Alex stared back, so much hurt and pain in his own expression. “Would you have trusted yourself? Knowing what was at stake if you were wrong, would you have trusted anyone?”

 

Anger rose on Luke’s face, but it was carefully controlled. “I count four bodies, Alex. It seems like the stakes already got way too high for one man to try and handle on his own.”

 

Zoey shrank into her seat as the two men tried furiously to glare each other to death. There was a part of her that wanted to jump in between them and wave her hands around, demanding that they pay attention to her and not each other. They looked like they might leap at each other in any moment.
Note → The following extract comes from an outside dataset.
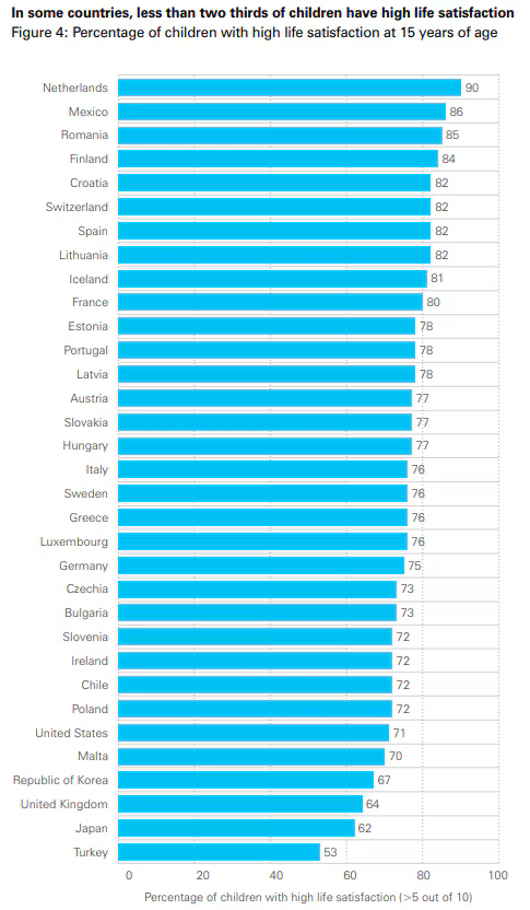Children and young people have higher life satisfaction in places significantly poorer than the US. Like Hungary never had a proper middle class (and still doesn't), yet somehow produces happier young people.

She should stop them; she should try and divert the attention away from the anger and the bitterness.

 

She stayed exactly where she was.

 

“Did this have anything to do with your mother?” Luke asked. “I assume that’s who you were trying to protect.”

 

Alex’s jaw worked, and after a moment, he stood. “Zoey, it’s time for us to go. Luke, feel free to contact my lawyers, and we’ll arrange a meeting. We will, of course, cooperate fully with any investigation into—” his voice hitched, “my sister’s death. As for what we know about the others,” he gestured at the pile of paperwork that graced the anonymous desk. “You know everything we do.”